Output must consist only of the lines of the material below from the one with "残雪と新緑が混ざり合う春の美人林は、ほんの短い期間だけ見られる特別な風景です。" through the one with "Oude deuren en", each reproduced exactly; no pictures belong in it.

BEGIN

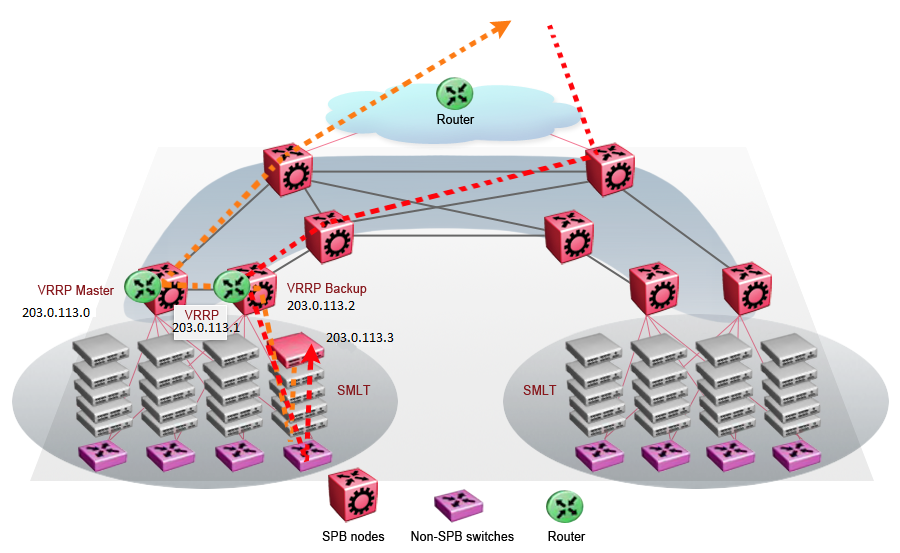 VRRP BackupMaster solves the problem of traffic congestion on the vIST. Because there can be only one VRRP Master, all other interfaces are in backup mode. In this case, all traffic is forwarded over the vIST link towards the primary VRRP switch. All traffic that arrives at the VRRP backup interface is forwarded, so there is not enough bandwidth on the vIST link to carry all the aggregated riser traffic. VRRP BackupMaster overcomes this issue by ensuring that the vIST trunk is not used in such a case for primary data forwarding. The VRRP BackupMaster acts as an IP router for packets destined for the logical VRRP IP address. All traffic is directly routed to the destined subnetwork and not through Layer 2 switches to the VRRP Master. This avoids potential limitation in the available vIST bandwidth.
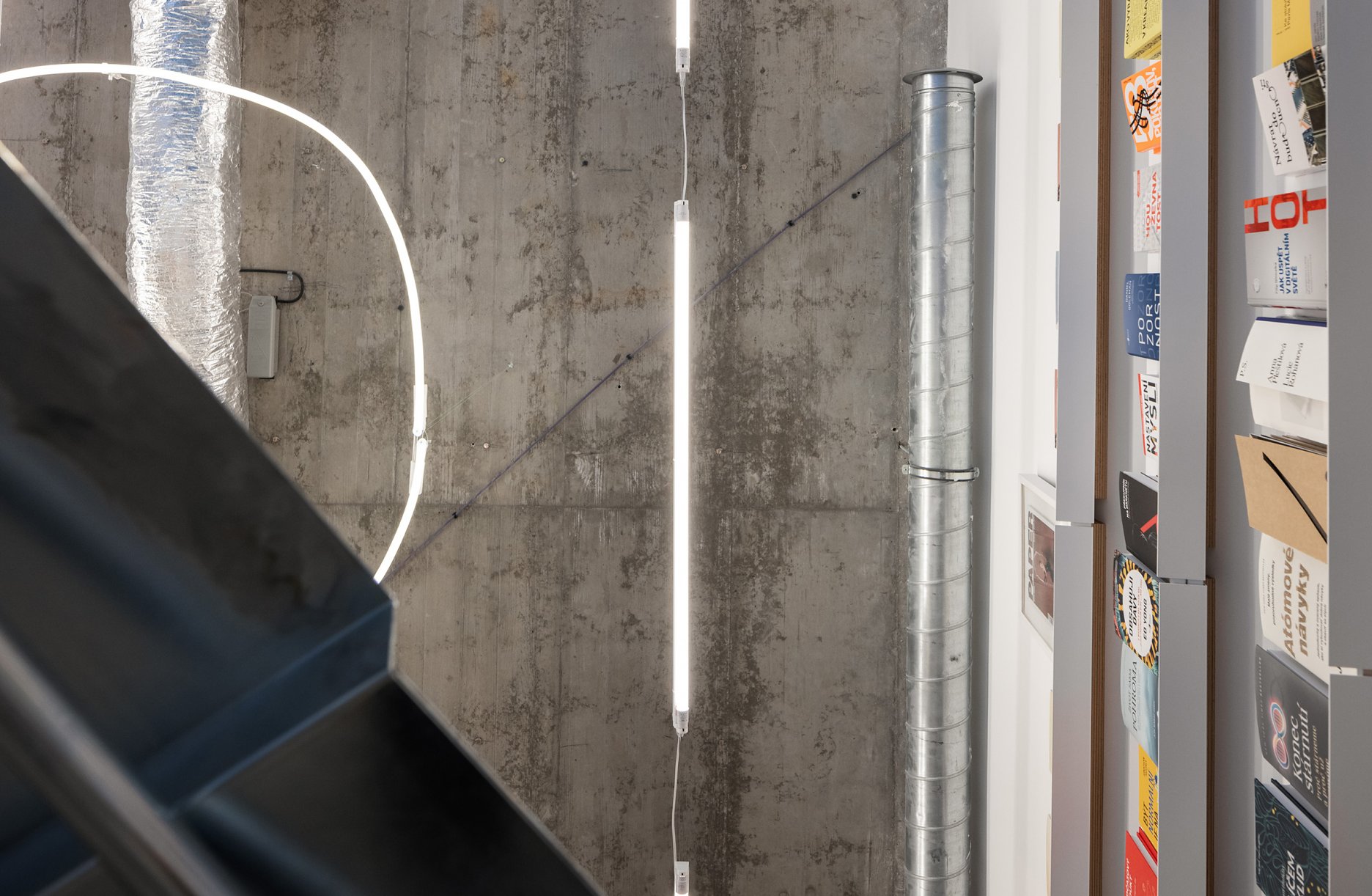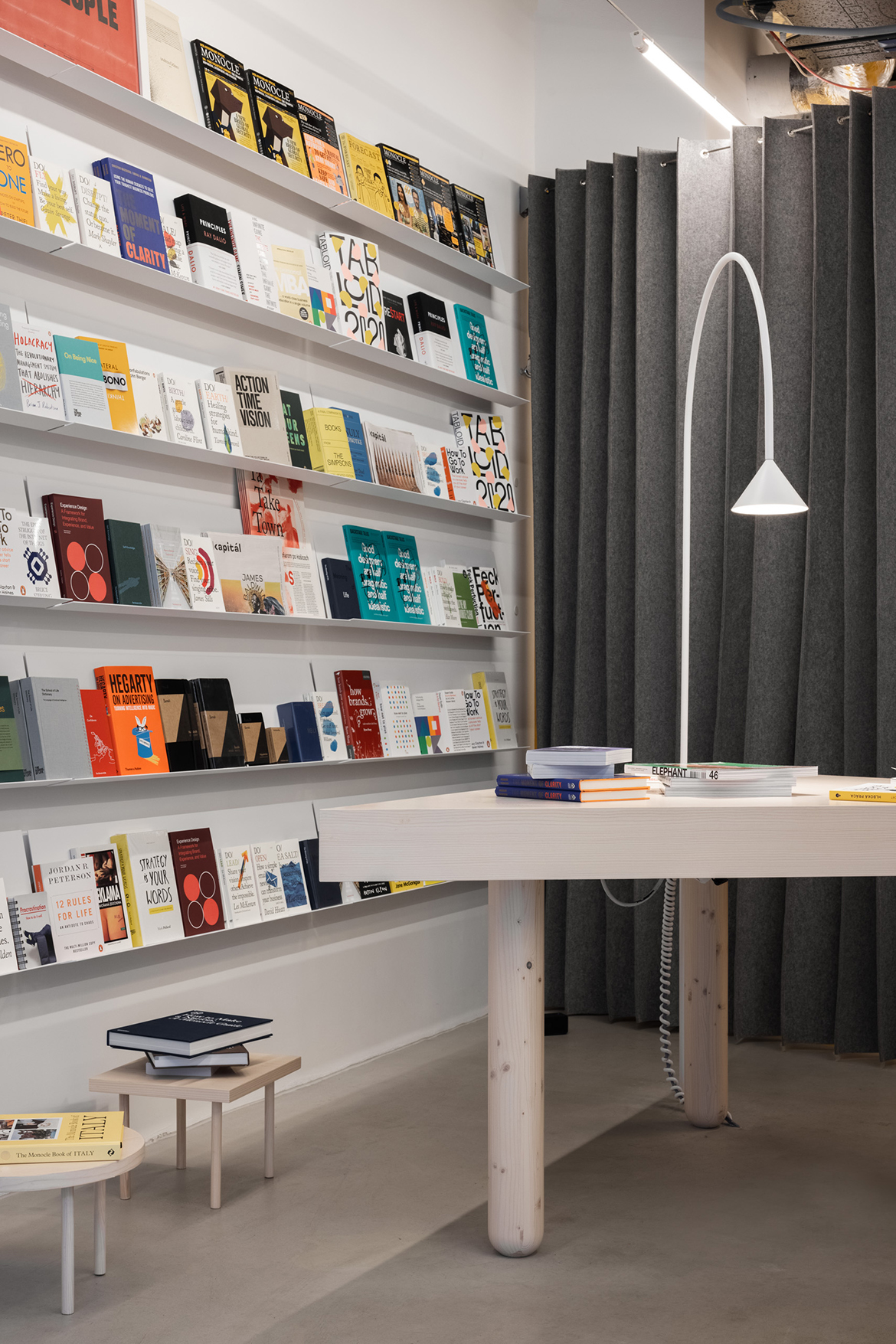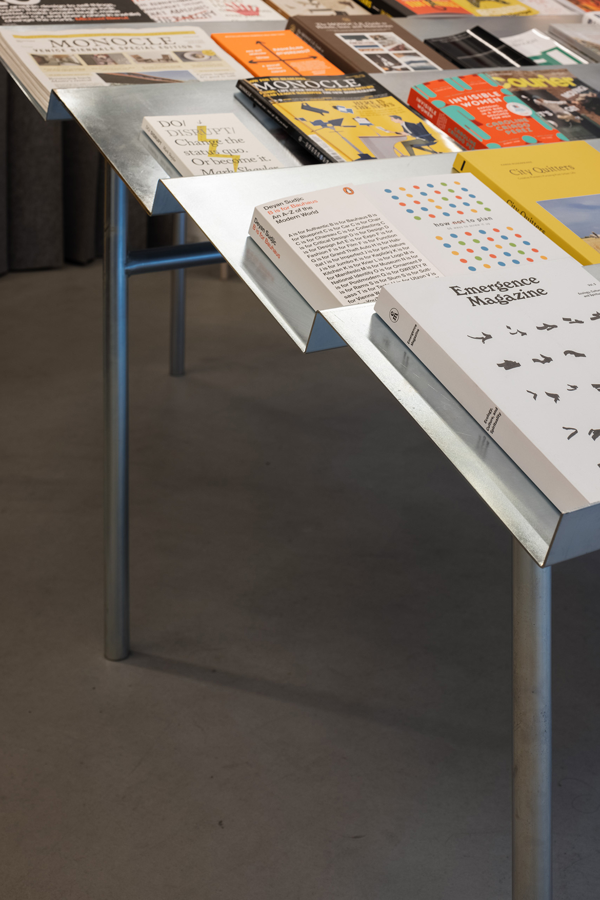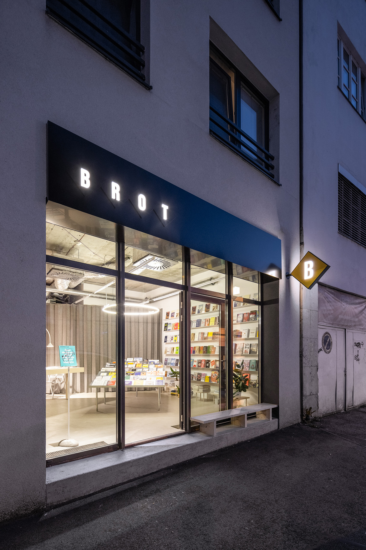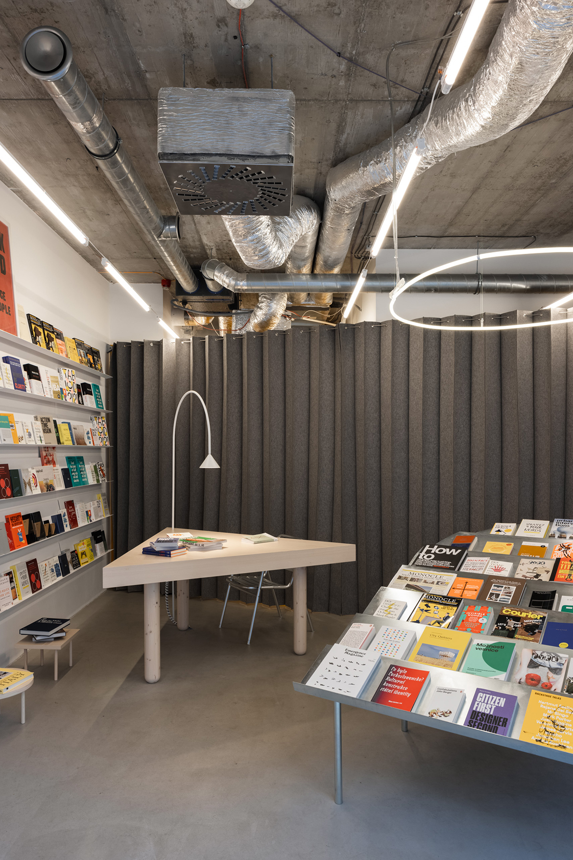 Otvorený výklad z ulice, scénická kulisa pre vystavené produkty. Abstrahované línie v interiéri nechávajú vyniknúť prezentované publikácie. Autori šikovne pracujú s detailom rôznych štruktúr a textúr povrchov.
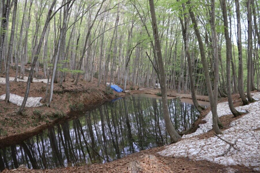 残雪と新緑が混ざり合う春の美人林は、ほんの短い期間だけ見られる特別な風景です。
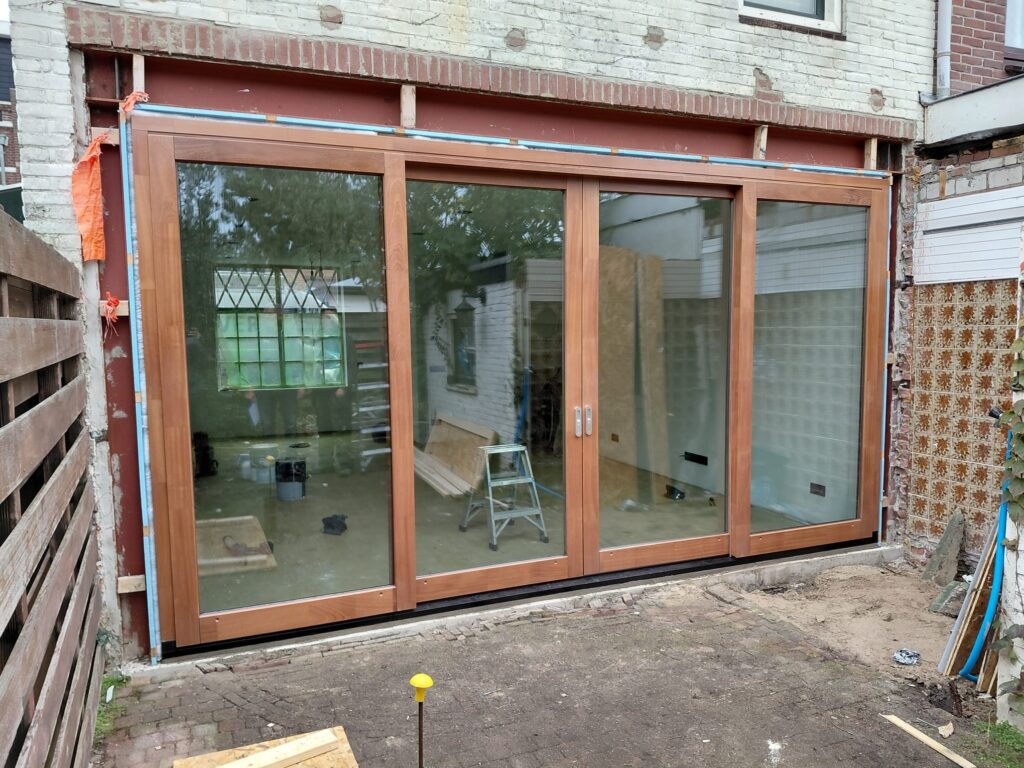 Oude deuren en kozijn compleet verwijdert. Hiervoor in de plaats een nieuwe schuifpui met dubbel gelaagd glas geplaatst voorzien van een blindschild aan de buitenkant. Binnen alles netjes afgetimmerd en opgeruimd.
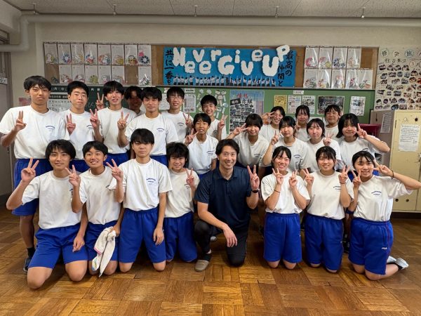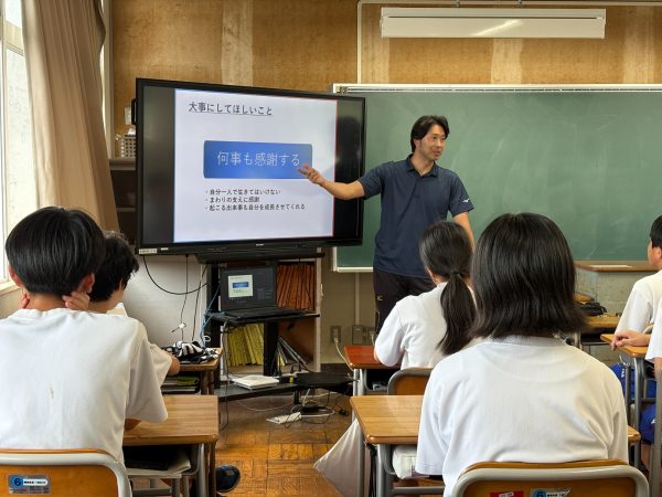 講話の時間ではプロの世界で壁に直面しながらも強い想いを持って努力し続けた経験をお話しいただきました。転職をして、全く知らない仕事をしないといけない時に「選手時代に努力した糧があるから、辛い時でも努力しようとする姿勢になる。努力してきた事が自分自身の人としてのレベルを上げてくれる。」と語り、日々の積み重ねや、夢・目標に向かって行動する過程を大切にして欲しいと伝えられ特別授業は終了しました。
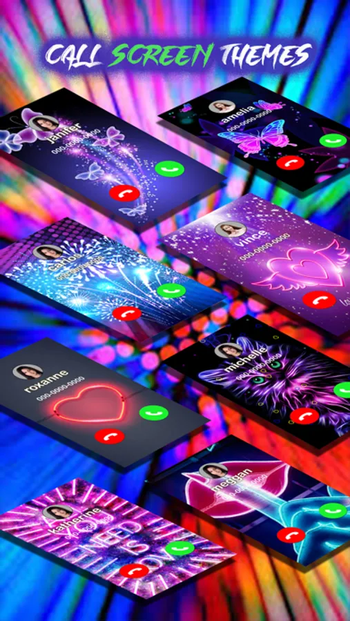 Customize your call screen with color call screen theme. Experience the Ultimate phone personalization using color call screens for all incoming calls. Color rings transforms your phone in an amazing phone. Call theme app is the foremost call screen customization application which bring the stunning collection of call screen themes. Just choose and color your call for all incoming calls with color call screen theme. Stylish color caller screen converts your simple call in to color call through amazing call screen phone themes.
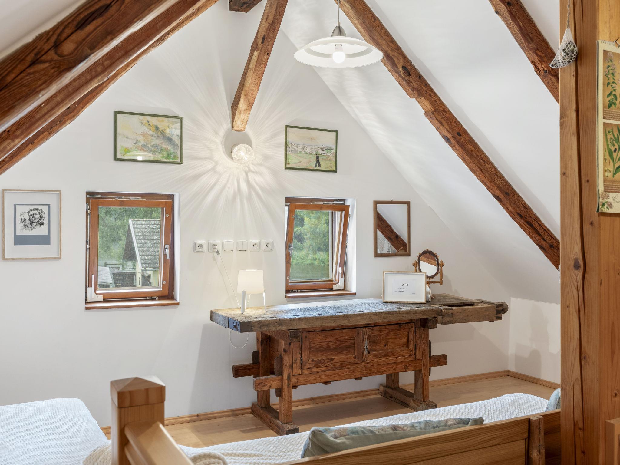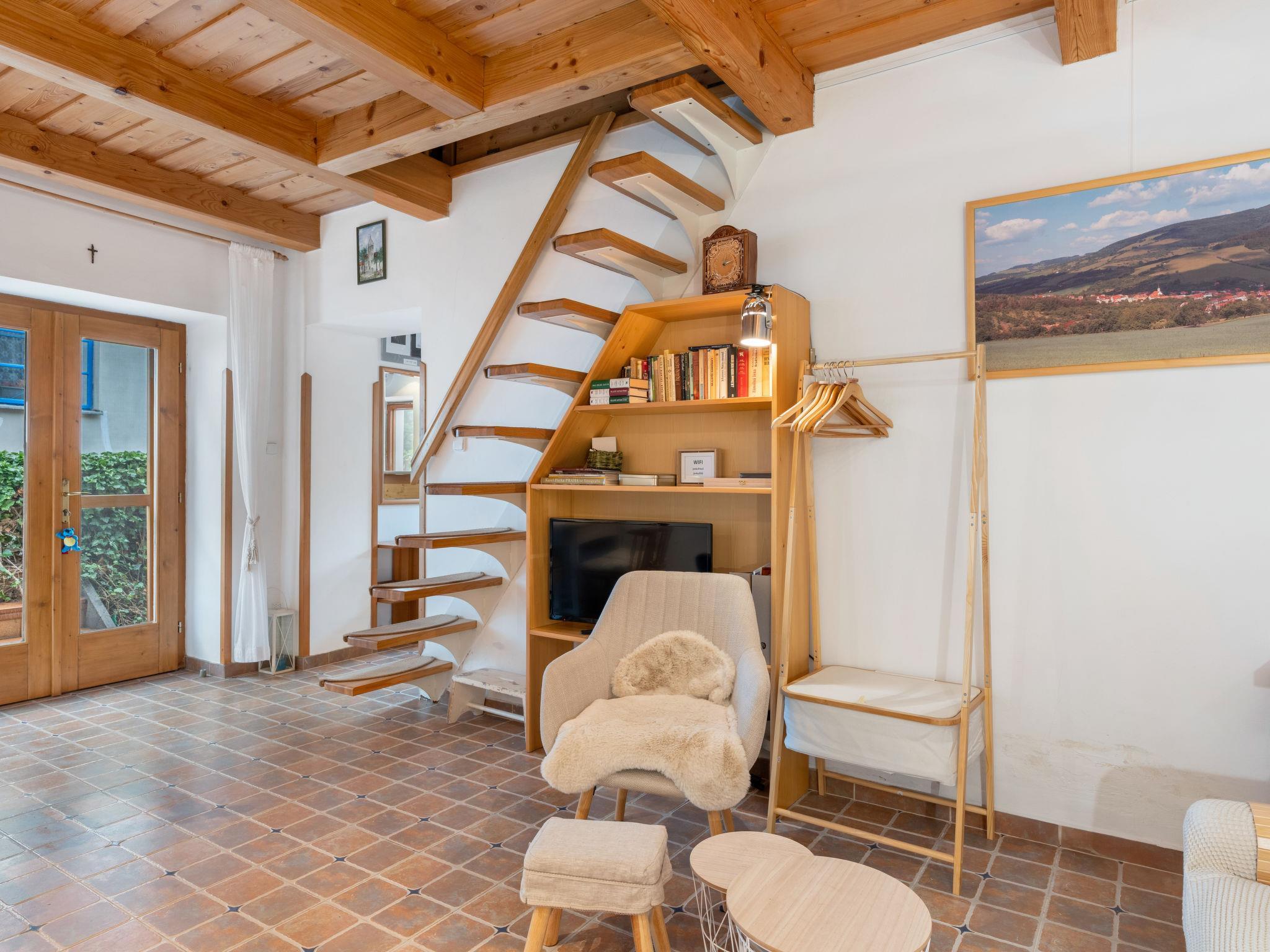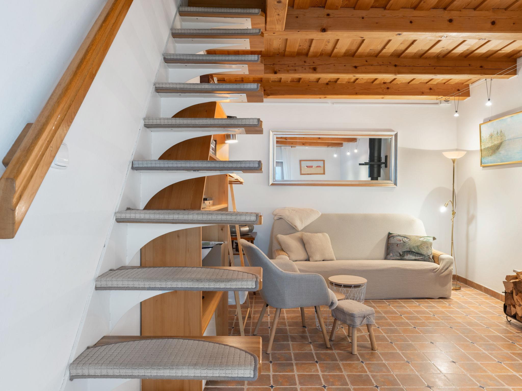 2-Zimmer-Haus 60 m2 auf 2 Stockwerken. Teilweise abgeschrägt, sehr schön und gemütlich eingerichtet: Wohn-/Esszimmer mit 1 Doppeldiwanbett, Sat-TV und Radio. Kleine Küche (2 Kochplatten, Backofen, Mikrowelle). Dusche/WC. Bodenheizung, Boiler (60 Liter). Obergeschoss: (steile Treppe) abgeschrägt 1 Zimmer mit 2 Betten und 1 franz. Bett. Terrasse. Zur Verfügung: Internet (WLAN, gratis). Bitte beachten: geeignet für Familien. Nichtraucher-Unterkunft. Feuerlöscher.

END

Answer to the problem:
 残雪と新緑が混ざり合う春の美人林は、ほんの短い期間だけ見られる特別な風景です。
 Oude deuren en kozijn compleet verwijdert. Hiervoor in de plaats een nieuwe schuifpui met dubbel gelaagd glas geplaatst voorzien van een blindschild aan de buitenkant. Binnen alles netjes afgetimmerd en opgeruimd.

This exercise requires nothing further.